Now, I can see that there's only one predictor for each sample, and the simple mathematical error (subtraction) is all that remains to be stored.

So, I can imagine how it's quite possible to look at the error terms for a series of samples and round them in such a way that the correction file contains noise that follows the shape of the ATH curve pretty well but has an average amplitude of zero over a certain timescale, causing no DC shift.

From the udial.ape thread (test your soundcard for clipping), where someone damaged his tweeters, one ought to be careful about putting too much ultrasonic noise content in files (but this was full scale against a quiet audible tone, causing him to increase the volume knob!).

Soft ATH noise shaping might have lower ultrasonic content, for example.

Then again, the decoder could be required to instigate a lowpass filter to protect the user if we're pushing to very low bitrate with lots of error in the ultrasonic range (but not so much to cause regular clipping). The filter would be turned off, of course, if the correction file is being used to restore lossless playback, but in lower bitrate lossy modes a flag in the lossy stream could indicate the attenuation required for frequencies above, say 19-20 kHz. This would safeguard against this potential tweeter risk without breaking the predictor.

It is also plausible to shape the correction file noise in different ways, e.g. to follow some calculated frequency dependent masking threshold based on simple psychoacoustics, but this would require some frequency analysis. Maybe the analysis could be greatly simplified from full blown lossy coders (e.g. using RMS amplitude of sub-bands instead of using transforms) and the masking threshold could be ultraconservative, but this is a lot more work than a consistent noise shape.

It doesn't seem (on limited evidence) that splitting the signal into reconstructable bands before running the predictor is viable. It might be possible to use such a method to shape the noise, however.

It does seem plausible to make a rough measurement of the loudness (e.g. RMS value of the signal is very easy) and modulate the allowed noise that way, with no consideration of the frequency-dependence of masking, simply the loudness. That might make a reasonable easy "standard" lossy mode, which remains audibly transparent for the vast majority of samples at non-painful volume.

Clipping might be a plausible concern if strong noise shaping has a high enough amplitude in the high frequencies.

Just some further thoughts on the subject, which might clarify my contribution to this thread down to stuff that's reasonably viable to implement (rather than some of my sub-band-with-separate-predictor ideas, which don't look too promising).

What is the current status of wavpack 4?

Reply #26 – 2003-05-31 22:06:40

Cheers bryant B)
I know an open source project can become much of a pressure once it starts becoming popular , you should read the flames we receive when a new eMule version screws up something and ppl lose their partial Anime XXX downloads.

Best wishes to your family, stay away from public transportation and I hope you find a job (one that allows some free time for wavpack though:))

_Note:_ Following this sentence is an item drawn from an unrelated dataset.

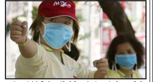
ჯანმრთელობის დაცვის მსოფლიო ორგანიზაციის მოგიწოდებს ჯანმრთელობის დაცვის მსოფლიო ორგანიზაციის მოგიწოდებს...

What is the current status of wavpack 4?

Reply #27 – 2003-06-03 04:08:48

sony666:
Yeah, I have thought about what kind of e-mail I might receive if a WavPack bug trashed all of somebody's original music. In fact, I could even imagine a rude knock at the door! Somehow I don't think that "Dude, didn't you read the disclaimer!?" would make them very happy.

DickD:
Your description of WavPack's lossless mode is pretty much on the mark. The predictor first makes a prediction based on some number of previous samples. In the case of the "high quality" mode this is a polynomial applied to the last 16 samples, however because the polynomial terms adapt to the changing audio, in a sense it's really looking at hundreds of previous samples. The difference between the prediction and the actual sample is called the error (or residual) and this is stored using Rice Coding (which is a kind of Huffman code for Gaussian numbers).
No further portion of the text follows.